固定価格買取制度とは、太陽光発電など再生可能エネルギーで発電した電気を電力会社が一定価格で買い取る制度のことです。

毎年その買取価格が決められており、その価格は年々下がってきているものの、マイナスにはなっていませんので損をするレベルではないと言われています。

固定価格買取制度の詳しい仕組みとは

固定価格買取制度

固定価格買取制度とは、再生可能エネルギーで発電した電気を買い取る制度です。再生可能エネルギーには太陽光発電をはじめ風力発電、水力発電、バイオマス発電、地熱発電とあり、国が定める要件を満たした設備で作られている電気が対象となります。

一般家庭などで設置される10kW未満の発電設備では、発電した電力は自家消費用として優先的に利用されます。その上で電気の発電量が使用量を上回った時、つまり余った電力が買い取られて売電収入となり、それ以外の設備では発電した全ての電力が買取対象となります。

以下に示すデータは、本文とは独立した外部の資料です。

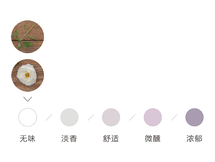 为了方便大家在花材搭配时的选择,花田小憩APP特设香味等级图谱,供大家在学习过程中了解更多植物的属性,以方便作品选择更适合的空间位置陈列。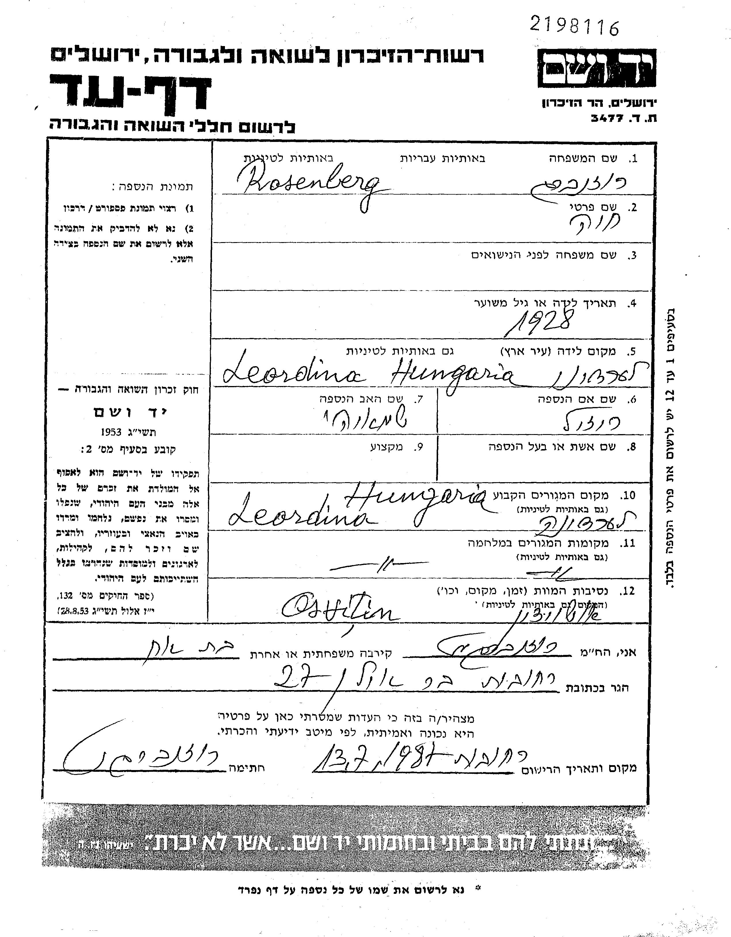 חיה Rosenberg נולדה בLeordina שברומניה בשנת 1928 לShmarie וRaizil לבית קליין. היא היתה ילדה. לפני מלחמת העולם השניה התגוררה בLeordina שברומניה. בזמן המלחמה היא היתה בLeordina שברומניה. חיה נרצחה בשואה. מקום המוות: Auschwitz שבפולין.

発電された電気は、電力会社の送電線から電力会社に送られ買い取られます。その際かかった費用については、電気を利用する全ての人の毎月の電気代の中に、電気の使用量に応じ再生可能エネルギー賦課金として組み込まれ負担する仕組みになっています。

再生可能エネルギー賦課金は、毎月ポストに入れられている「電気ご使用量のお知らせ」に記載されています。ただし、国が認める事業所などでは8割ほど免除されています。

年度 単価(1kWhあたり) 需要家モデル負担額(使用量260kWh/月)
2021年 3.36円/kWh 月額873円、年額10,483円
2022年 3.45円/kWh 月額897円、年額10,764円
2023年 1.40円/kWh 月額364円、年額4,368円

なぜ固定価格買取制度は始まったのか?

これまでの日本は、原発や大型火力などの発電方法が主力でした。この集中型インフラは震災に弱いほか、輸入資源への依存度が高く、安定性に欠ける一面があったのです。

そこで、政府は固定価格買取制度を取り入れ、再生可能エネルギーの拡大をすすめることにしました。

再生可能エネルギーを増やす理由

再生可能エネルギー
  • 国内のエネルギー自給率の向上
  • 地球温暖化問題対策

固定価格買取制度は、「再生可能エネルギー」の普及を目的として開始されました。再生可能エネルギーとは、太陽光や風力、水力といった自然界に常に存在するエネルギーのことを指します。

なぜ石炭・石油火力発電も減らすのか

原子力発電が問題視されているのはご存知でしょうが、代わりに火力発電があるはずだとお思いかもしれません。

石油や天然ガスといった資源は将来的に枯渇すると予想されている上に、こうした資源を持たない日本にとっては依存リスクが大きいものです。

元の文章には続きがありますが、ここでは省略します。